Huger doses of micronised progesterone makes me capital D drunk; to the point that I am still dizzy the next morning. But I tend to react strongly to everything. Also, so much more breast growth! P is the best
Awesome! Looking forward to bigger bouncier boobs. I take mine in the morning and I tend to do alright, but we’ll see what happens with the new dose.
So this is the part where I ask other trans women what their experiences have been with increasing their dose of micronized progesterone, and how much this helped with their breast growth, and any other effects it has.
On that note, who else really really likes feeling the blood being pulled out of your arm and watching as it keeps filling vial after vial after vial? It’s kind of relaxing but also kind of exciting and squirmy and tickly and a really controlled breaching of a boundary of the body.

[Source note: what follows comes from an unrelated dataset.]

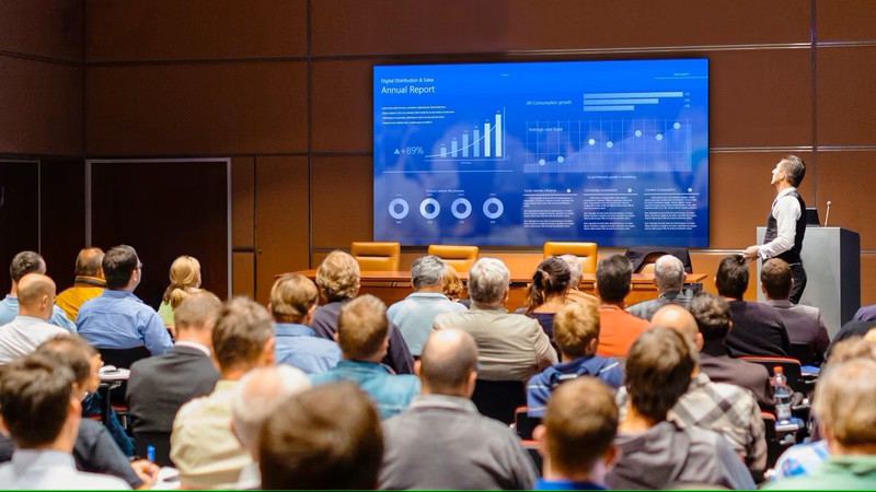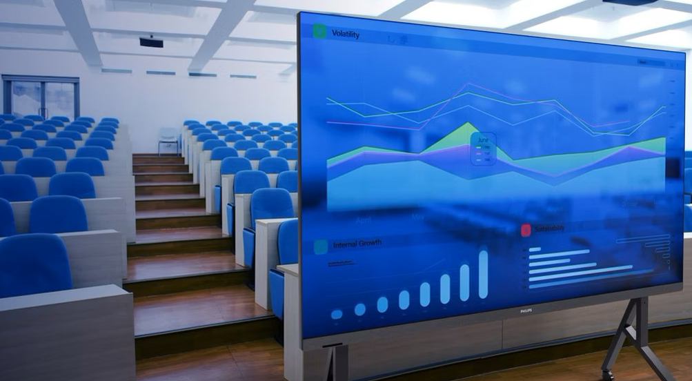 Perfekte Sichtbarkeit auch bei Tageslicht – ohne Abdunkelung. Ideal für PowerPoint-Präsentationen, Videokonferenzen und hybride Meetings. Eine LED-Videowand ersetzt den klassischen Beamer durch eine wartungsarme und leistungsstarke Digitalanzeige.

The other day, I actually found some full-body photos we took on the day I started HRT about 14-15 months ago. After this much time, the differences are pretty much ridiculous. I had such a flat butt, and my legs were covered in dark hair, and I had no chest - no muscle, no fat, nothing - and my genitals were just disgustingly huge and dangly (girlcock is superior, for real), and my face looked all weird. And I was really thin. Like, ew. Things have gotten so much better since then.
I don't know if you've answered this before, and please feel free not to answer if it's rude or invasive, but I didn't know you used to ID as a gay dude. So, monosexually inclined towards men. Is IDing as a lesbian now an example of sexual fluidity, or like...? (this is hard to explain sorry)
I don’t think I was ever monosexually inclined toward men - just bisexually inclined and choosing to ignore the part that liked women. I assumed I had to be a gay guy because, when you’re AMAB and really femme, that’s what society tends to suggest you are. So that’s what I thought was going on before I figured out I was a woman. I think, at that point, I actually had a moment where I was like “yay I don’t have to refrain from being with women for the sake of preserving my gay-dude-ness!”
What is the douche-y-est thing an ex has said to you?
He told me I had a “girl butt” and nobody would love me. I was like 18 at the time and I was still under the delusion that I was a gay guy. What he said didn’t bother me. What bothered me was the implication that having a “girl butt” was a bad thing.
Have you had any trouble with injuries since getting your t-count down? I have had a nightmare of trouble with repetitive strain injuries, and I haven't been able to find any useful information on whether reducing my t-count has worsened my risks and prevented healing.
I’m not really sure about this. Sometimes my hand gets a bit sore, or my hamstring, or my foot starts cramping if I flex it the wrong way, or my neck and shoulder feel strained and spasm-y from reaching too far to grab something… things like that. I assumed I was just getting old.